AbsDuCroissant Thu 11-Aug-11 22:07:41

InvaderZim - depends on how/where she converted. some authorities believe that once you've converted, that's it; you're Jewish for life (and your offspring if you're a woman), you can't undo it. It's part of the reason why the orthodox conversion process is so difficult, because you should be aware of what you're taking on and that it's something that's forever and affects future generations. You have many people who are considered Jewish because of parentage etc., aren't at all practicing (I know many who are atheists), but they're still Jewish.

travailtotravel Thu 11-Aug-11 22:12:12

Judaism is matrilinear, so if your mother was not Jewish you are not Jewish. If your son marries a Jew, their children will be Jewish, otherwise not.

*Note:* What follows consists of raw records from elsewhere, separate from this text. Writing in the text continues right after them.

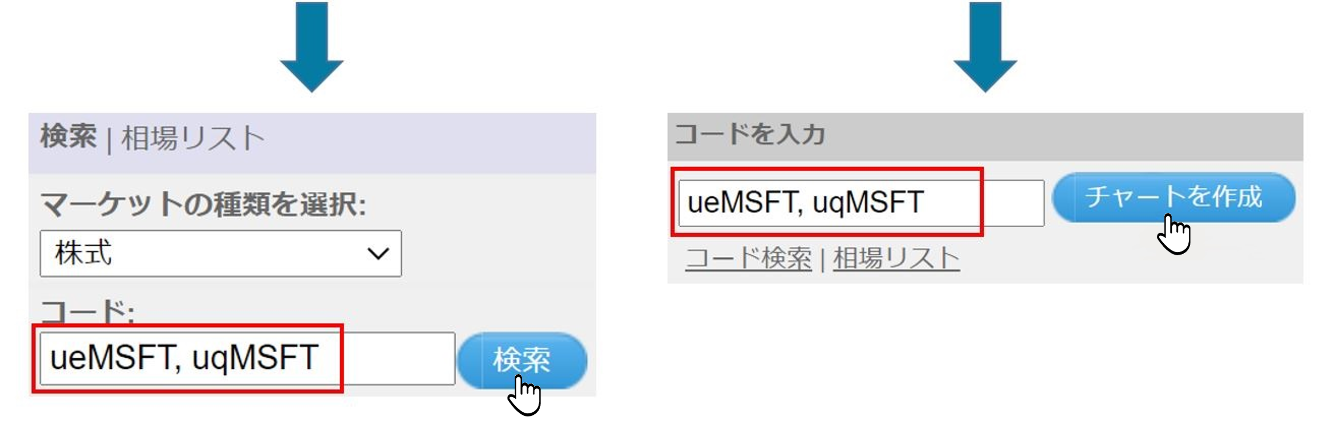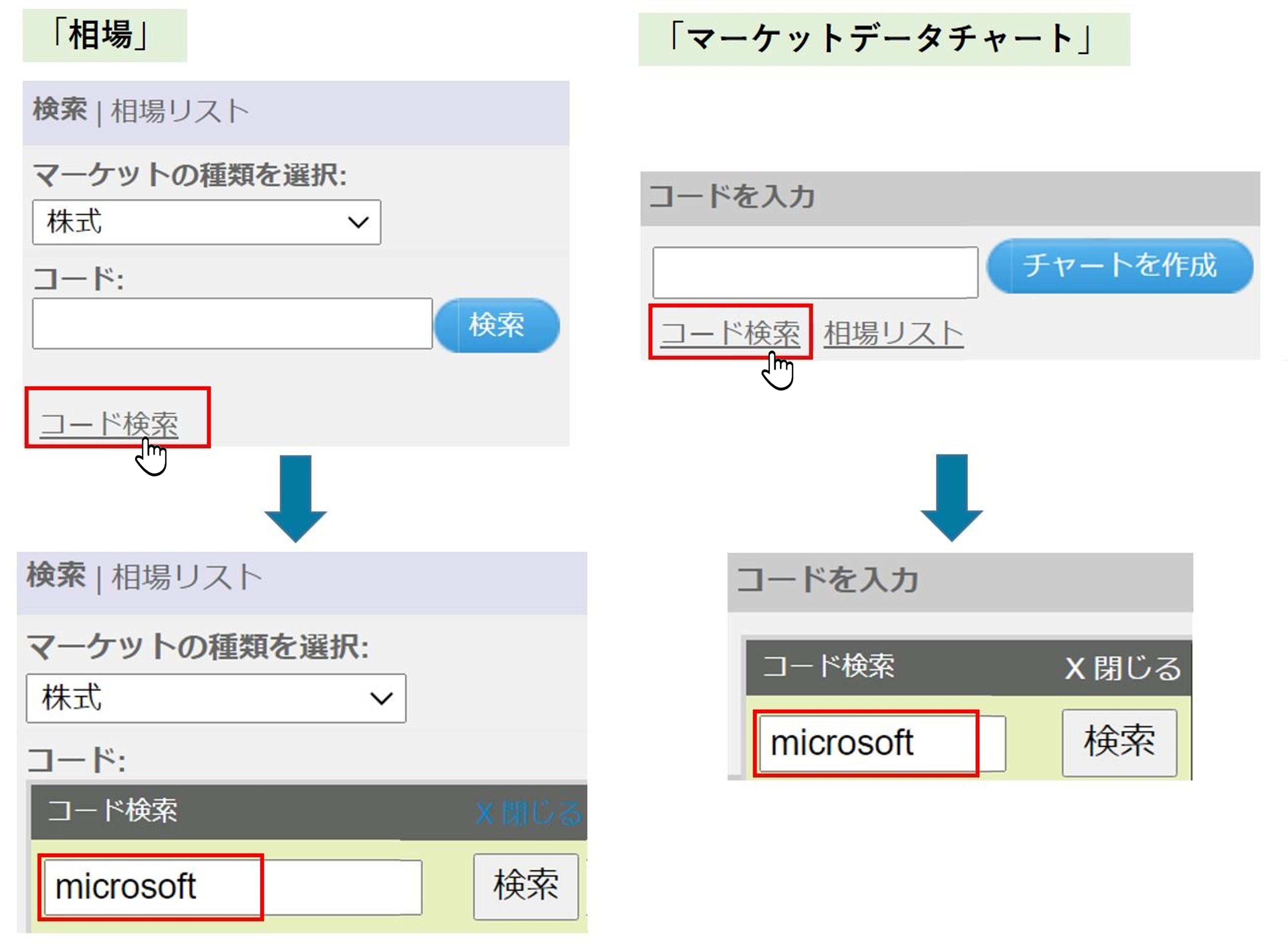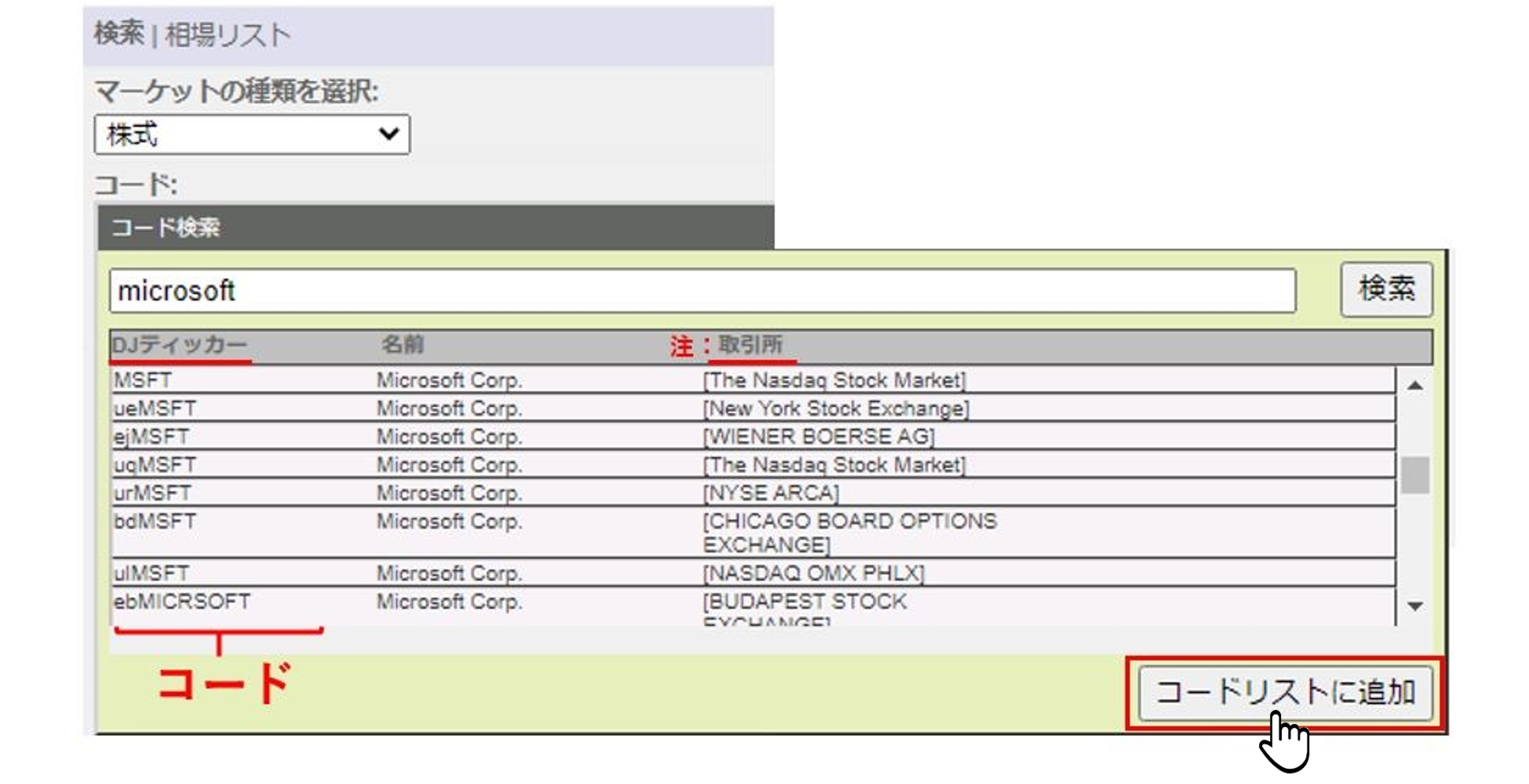 「マーケットの種類を選択」し、コードを入力 して、をクリック。
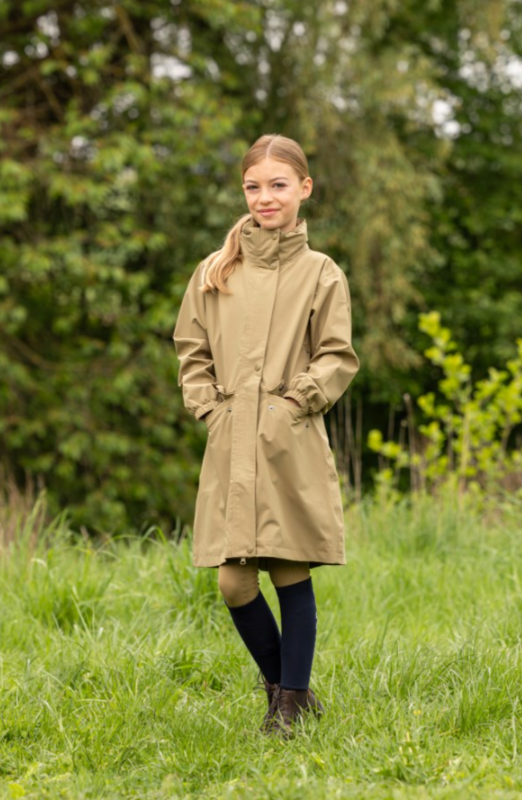 Vandtæt frakke til junior som elsker udelivet uanset vejret! Frakken her er vandtæt med et vandsøjletryk på 10.000mm, tapede sømme og god åndbarhed ( 3000 g/m²/24 h). En frakke som holder den unge rytter tør i vådt vejr.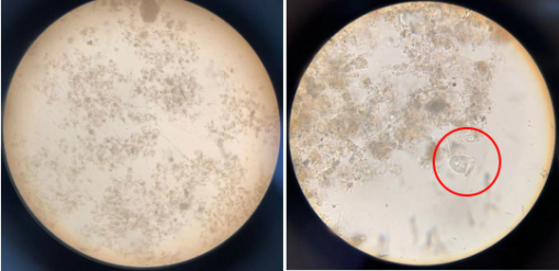 (鏡檢污泥絮體細(xì)碎,可見少量輪蟲及表殼蟲,鐘蟲等原生動物較少 )
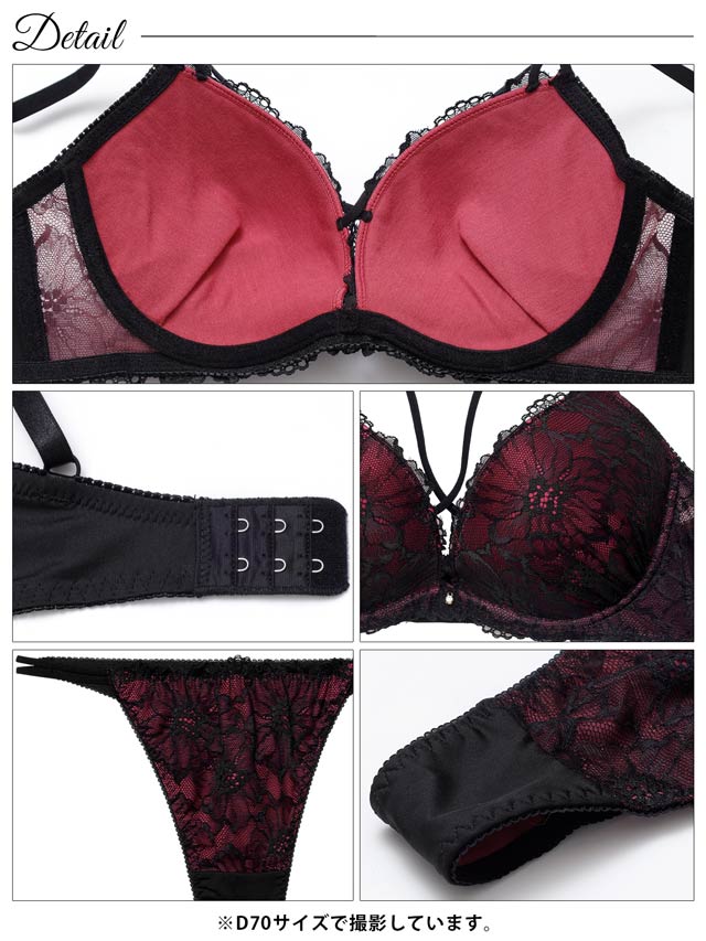 オールレースカットストリング育乳脇高ブラジャー&バック透けフルバックショーツ
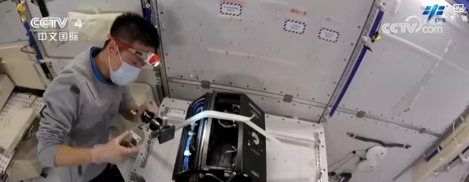 国家太空实验室内,空间材料科学、微重力流体物理与燃烧科学等领域实验持续开展,乘组按计划进行了燃烧柜气体实验插件燃烧器更换、流体物理实验柜实验样品更换。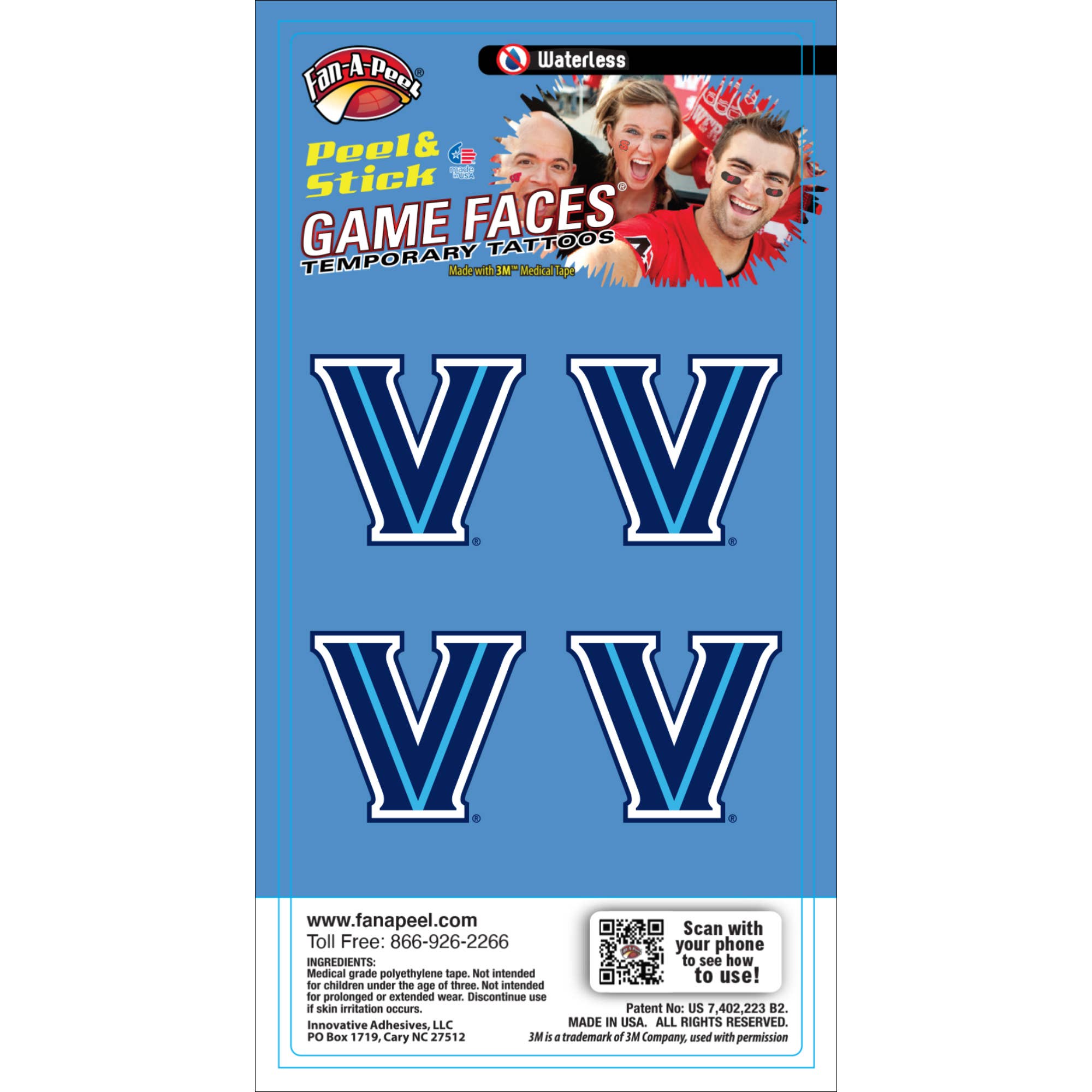 Get your game faces on! Show your game day style with game faces® temporary tattoos. Each package contains 4 waterless temporary tattoos. Tattoos are approximately 1.25" x 1.25" and are printed on clear, 3m® brand, hypoallergenic, medical tape.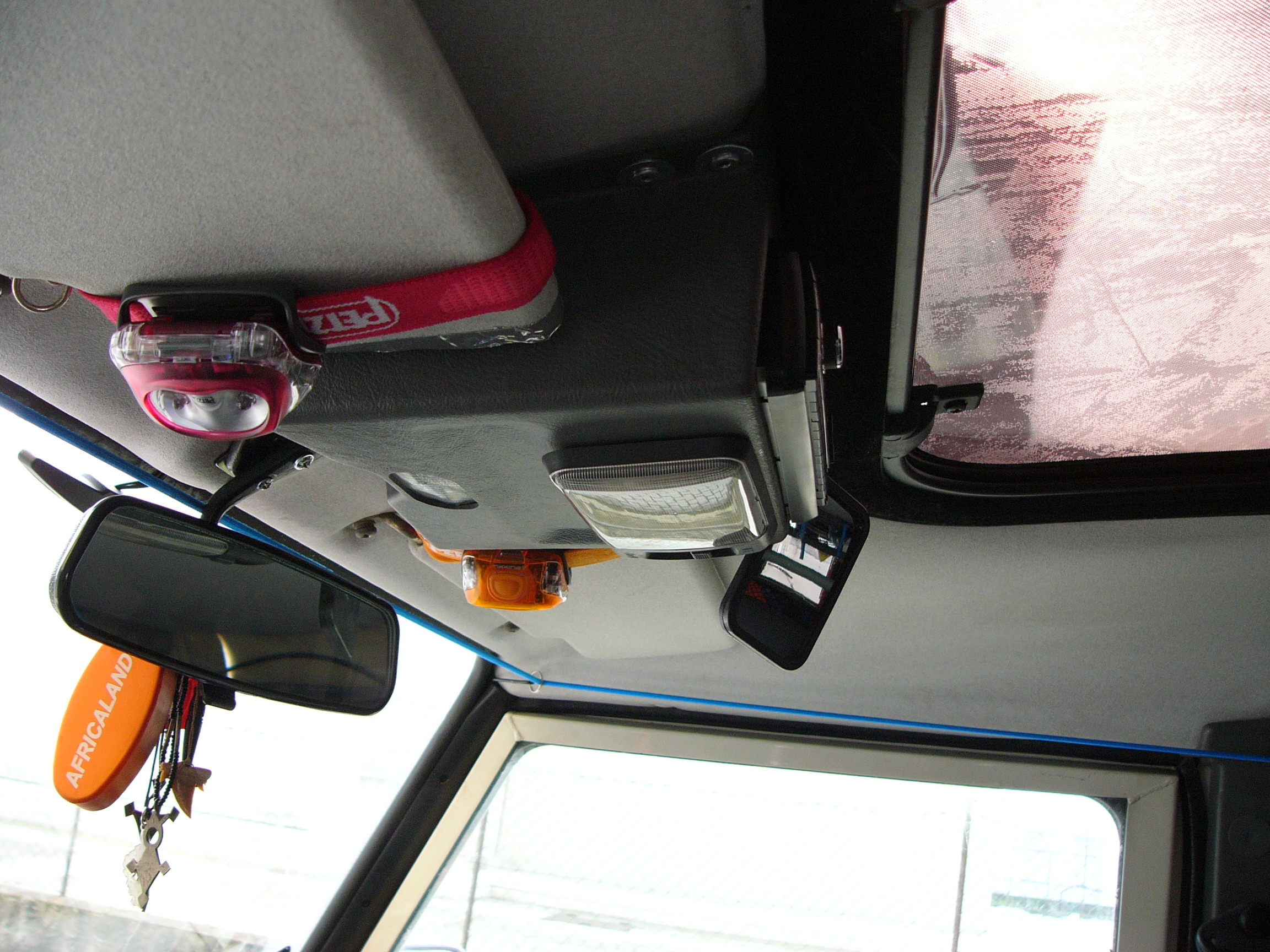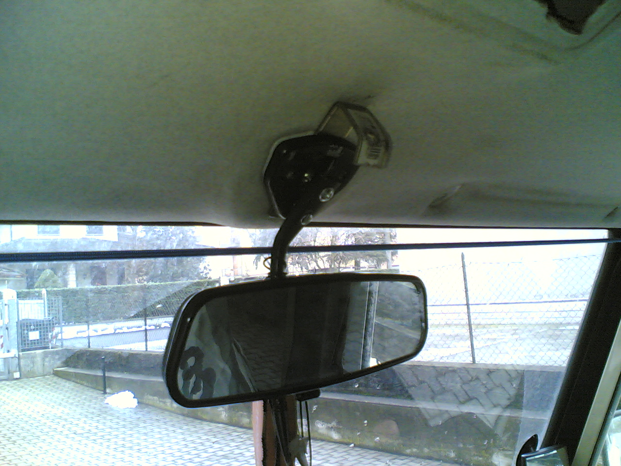Per evitare di allungare il cavo dell’antenna ho preso un antennino da vetro, del tipo amplificato, e l’ho fissato davanti lo specchetto, poi ho fatto passare e ricablato i cavi di alimentazione dell’autoradio e delle casse e infine allungato l’alimentazione della plafoniera, ho preferito stare abbondante in quanto poi si possono ficcare sotto al rivestimento del tetto, i cavi passano dietro al cruscotto e salgono al tetto dal montante sinistro…questo montante è già occupato dai cavi della plafoniera e dal tubo dell’acqua dello spruzzino posteriore ma c’è posto comunque, se passavo dal montante destro avevo i cavi a spasso nel cassetto del cruscotto e non mi piaceva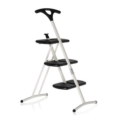 Una escalera plegable funcional de tres escalones con tratamiento antideslizante. En Tiramisù destaca la ligereza del diseño de la estructura portante: las barras curvadas proporcionan el apoyo en el suelo mientras que la manilla no sólo es un robusto elemento de apoyo durante el uso, si no también un práctico instrumento funcional una vez terminada la utilización; de hecho gracias a su particular diseño Tiramisù se puede colgar en la pared.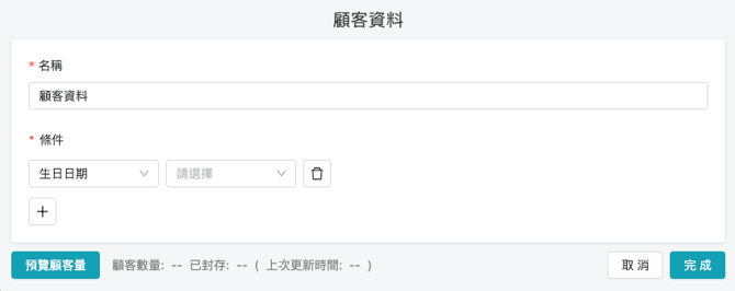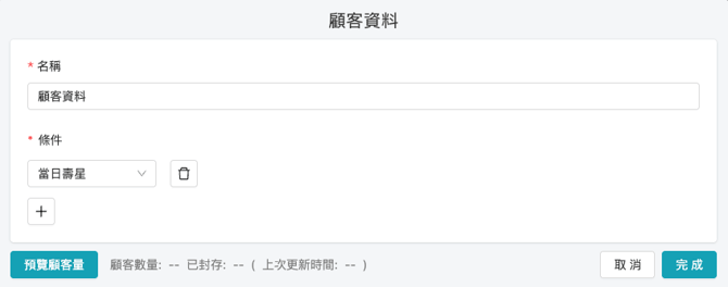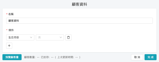 「生日」條件可系統識別會員的生日月份及日期,用於觸發生日推播、生日月活動。 您可以依據生日 月份/日期條件,設定自動化旅程。

June Brown commented that she was Shephardic because her great grandfather was. That was incorrect and should perhaps have been clarified in the programme.

midnightexpress Fri 12-Aug-11 09:29:14

travail, I think abs said earlier that which tribe of Judaism you belong to does come down through the male line though? Is that right? If so, then she would surely be right to say she's Shephardic because her great-grandfather was. Assuming that the Judaism itself came down through the female line also (I didn't see the programme).

AbsDuCroissant Fri 12-Aug-11 10:14:15

It's hard to say whether or not what she said was accurate. She was Jewish, as it came from her mother's side, but it depends on whether or not certain grandparents/great grandparents etc. were Sephardi or Ashkenazi as to whether or not she is Sephardi (and they didn't go into that much detail on the show).

InvaderZim Fri 12-Aug-11 17:21:41

Abs true, and my mother certainly didn't convert to anything remotely resembling Orthodoxy - it was my father's condition for marrying her (she asked him).

You can be considered culturally/ethnically Jewish without being religious (my dad's an atheist, but he still considers himself Jewish), which is probably where the June Brown programme was coming from.